EXERCISE GOAL: Only the stretch of the listing below that runs from the line with "Цвет #4F1867 в" through the line with "Swinging top galaxy" is to be printed, exactly and with both ends.

DATA UNDER STUDY:
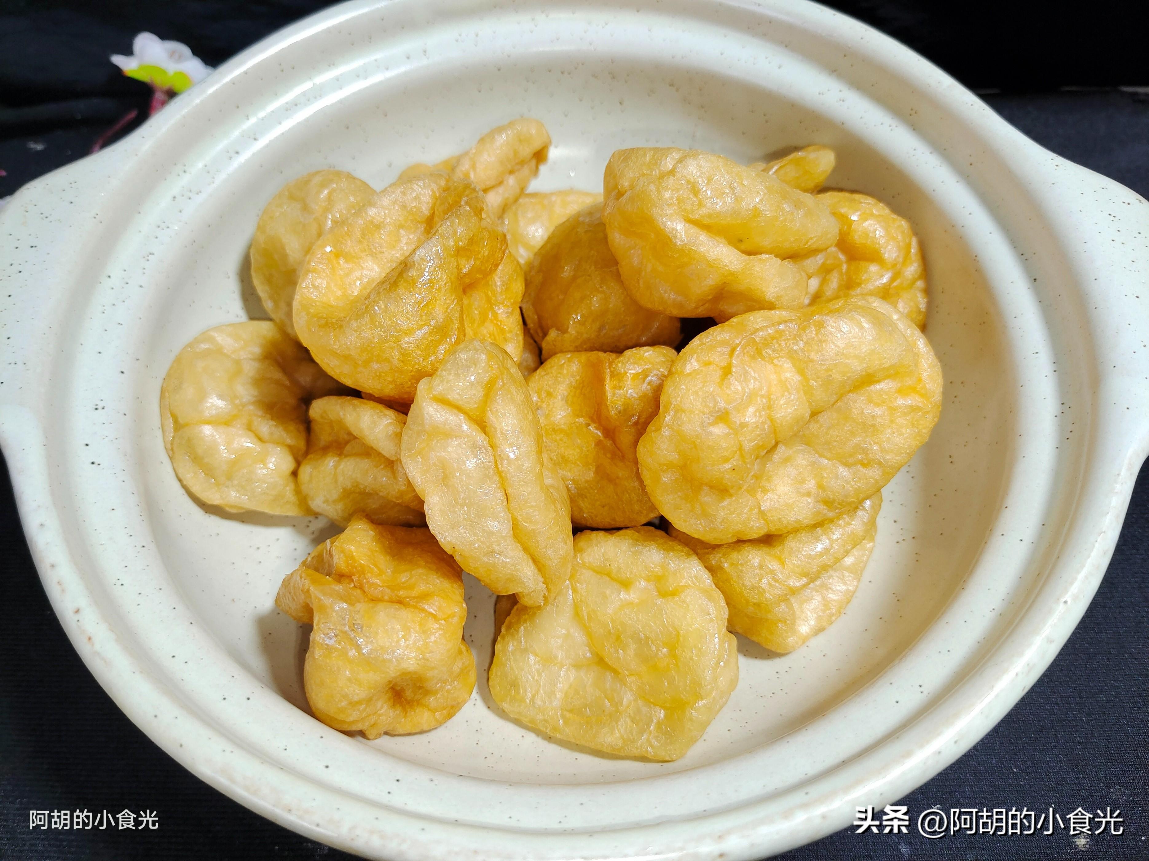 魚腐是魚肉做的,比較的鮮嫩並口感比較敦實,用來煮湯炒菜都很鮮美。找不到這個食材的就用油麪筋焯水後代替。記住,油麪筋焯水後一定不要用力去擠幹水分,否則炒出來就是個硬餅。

--

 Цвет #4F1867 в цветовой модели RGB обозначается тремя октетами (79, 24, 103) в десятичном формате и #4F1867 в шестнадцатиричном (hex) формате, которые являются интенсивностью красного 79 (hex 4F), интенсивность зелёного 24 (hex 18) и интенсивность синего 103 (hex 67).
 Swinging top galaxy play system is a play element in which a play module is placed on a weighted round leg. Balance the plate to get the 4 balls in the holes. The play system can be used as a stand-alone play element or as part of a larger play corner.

OUTPUT OF THE TASK:
 Цвет #4F1867 в цветовой модели RGB обозначается тремя октетами (79, 24, 103) в десятичном формате и #4F1867 в шестнадцатиричном (hex) формате, которые являются интенсивностью красного 79 (hex 4F), интенсивность зелёного 24 (hex 18) и интенсивность синего 103 (hex 67).
 Swinging top galaxy play system is a play element in which a play module is placed on a weighted round leg. Balance the plate to get the 4 balls in the holes. The play system can be used as a stand-alone play element or as part of a larger play corner.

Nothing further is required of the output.